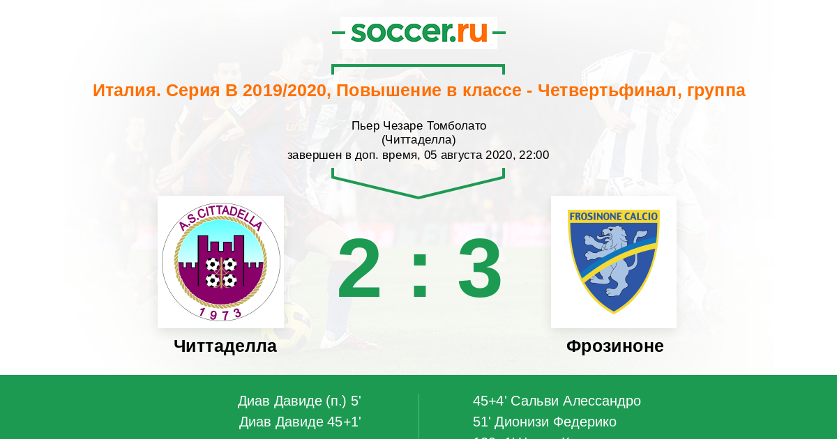 45+1' (2:0) Диав Давиде (9) (Росафио Марко (17))
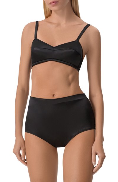 Мягкий бюстгальтер-бралетт Lombard Street сшили из эластичного шелкового атласа. На брендированных бретелях предусмотрели металлические слайдеры, а на поясе — застежку на крючок.
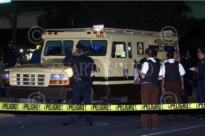 MÉXICO, D.F., 06OCTUBRE2010.- Alejandro Cienfuegos Ambríz de 25 años, quien se desempeñaba como custodio de la empresa COMETRA, perdió la vida al recibir un impacto de arma de fuego en la balacera que se generó en el robo y asalto a una camioneta de traslado de valores que recogía el dinero de la taquilla de la estación del metro División del Norte en la avenida del mismo nombre esquina con universidad. FOTO: LUZ ACEVEDO/CUARTOSCURO.COM
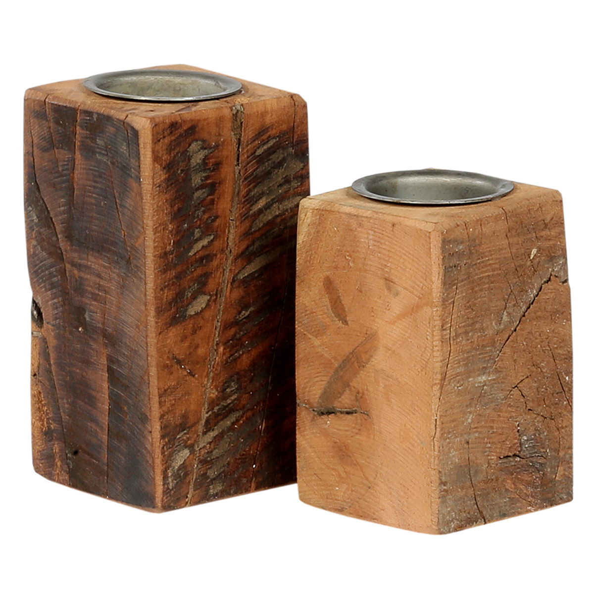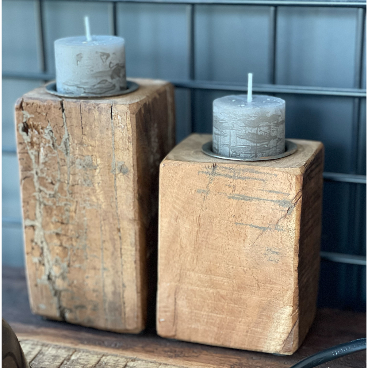 Geeignet für Teelichte oder Stumpenkerzen mit einem Durchmesser bis 40mm. Da jeder Kerzenständer aus echtem Altholz in Handarbeit gefertigt wird, ist jedes Stück ein Unikat mit eigener Struktur, Maserung und Form und kann vom Produktbild abweichen.
━━━━━━━━━━━━━━━━
● **AIM OF THE EXERCISE**
Drop the pictures, then write out only the lines running from the one containing "Мягкий бюстгальтер-бралетт Lombard" through the last line above, both included, exactly.

● **REPLY TO THE TASK**
 Мягкий бюстгальтер-бралетт Lombard Street сшили из эластичного шелкового атласа. На брендированных бретелях предусмотрели металлические слайдеры, а на поясе — застежку на крючок.
 MÉXICO, D.F., 06OCTUBRE2010.- Alejandro Cienfuegos Ambríz de 25 años, quien se desempeñaba como custodio de la empresa COMETRA, perdió la vida al recibir un impacto de arma de fuego en la balacera que se generó en el robo y asalto a una camioneta de traslado de valores que recogía el dinero de la taquilla de la estación del metro División del Norte en la avenida del mismo nombre esquina con universidad. FOTO: LUZ ACEVEDO/CUARTOSCURO.COM
 Geeignet für Teelichte oder Stumpenkerzen mit einem Durchmesser bis 40mm. Da jeder Kerzenständer aus echtem Altholz in Handarbeit gefertigt wird, ist jedes Stück ein Unikat mit eigener Struktur, Maserung und Form und kann vom Produktbild abweichen.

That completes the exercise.